### Supplied data
▼▼▼

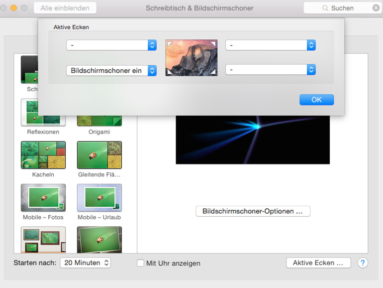 Entscheiden Sie sich für eine der Ecken und nutzen Sie dann aus dem Listenfeld den Eintrag Bildschirmschoner an. Verlassen Sie den Dialog mit OK. Wenn Sie in Zukunft den Arbeitsplatz verlassen wollen, bewegen Sie den Mauszeiger bis ganz nach außen in die von Ihnen gerade konfigurierte Ecke. Dann startet der Bildschirmschoner automatisch.
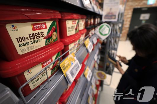 (서울=뉴스1) 박정호 기자 = 19일 서울 시내의 한 대형마트에서 직원이 진열된 고추장 재고를 확인하고 있다. 한국소비자단체협의회 물가감시센터는 이날 2025년 4분기 생활필수품 가격조사 분석 결과 39개 품목 중 28개 품목의 가격이 전년 동기 대비 상승했으며, 11개 품목은 하락했다고 밝혔다. 이중 커피믹스 품목(180개입 환산)는 2024년 4분기 평균 27,683원에서 2025년 4분기 평균 32,262원으로 16.5% 상승했으며, 필수 식재료에서는 고추장(10.9%)과 달걀(8.9%) 등이 역시 상승했다. 2026.1.19/뉴스1
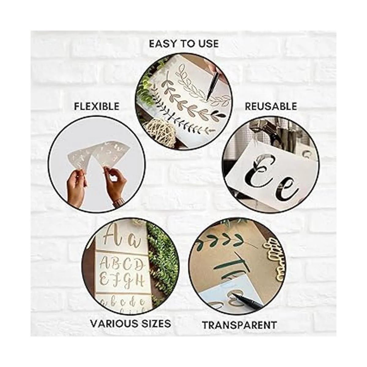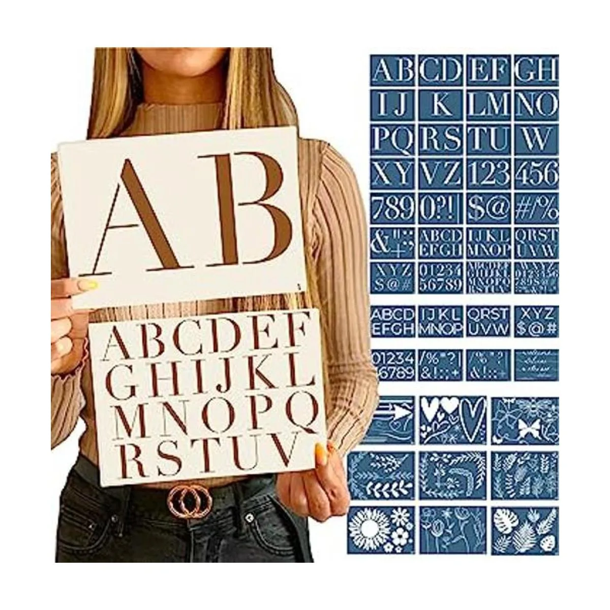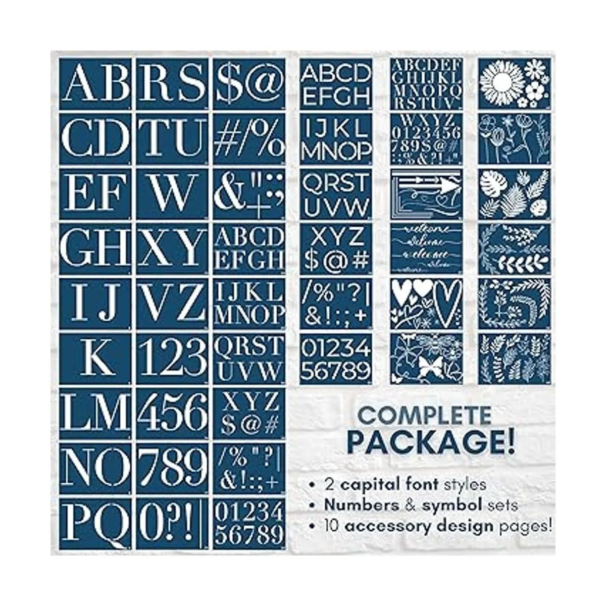 El paquete completo El kit incluye 4 letras mayúsculas un juego de letras de 4 pulgadas de alto, dos juegos de letras de 2 pulgadas de alto, un juego de letras de 1.25 pulgadas de alto. Cada juego incluye letras mayúsculas, números, símbolos comunes y hermosos diseños. 45 hojas de plantillas en total están incluidas con el paquete, lo que hace que este juego grande sea una ganga

▲▲▲

### Instructions for the task
Copy the listing word for word, excluding its pictures.

### Written solution
 Entscheiden Sie sich für eine der Ecken und nutzen Sie dann aus dem Listenfeld den Eintrag Bildschirmschoner an. Verlassen Sie den Dialog mit OK. Wenn Sie in Zukunft den Arbeitsplatz verlassen wollen, bewegen Sie den Mauszeiger bis ganz nach außen in die von Ihnen gerade konfigurierte Ecke. Dann startet der Bildschirmschoner automatisch.
 (서울=뉴스1) 박정호 기자 = 19일 서울 시내의 한 대형마트에서 직원이 진열된 고추장 재고를 확인하고 있다. 한국소비자단체협의회 물가감시센터는 이날 2025년 4분기 생활필수품 가격조사 분석 결과 39개 품목 중 28개 품목의 가격이 전년 동기 대비 상승했으며, 11개 품목은 하락했다고 밝혔다. 이중 커피믹스 품목(180개입 환산)는 2024년 4분기 평균 27,683원에서 2025년 4분기 평균 32,262원으로 16.5% 상승했으며, 필수 식재료에서는 고추장(10.9%)과 달걀(8.9%) 등이 역시 상승했다. 2026.1.19/뉴스1
 El paquete completo El kit incluye 4 letras mayúsculas un juego de letras de 4 pulgadas de alto, dos juegos de letras de 2 pulgadas de alto, un juego de letras de 1.25 pulgadas de alto. Cada juego incluye letras mayúsculas, números, símbolos comunes y hermosos diseños. 45 hojas de plantillas en total están incluidas con el paquete, lo que hace que este juego grande sea una ganga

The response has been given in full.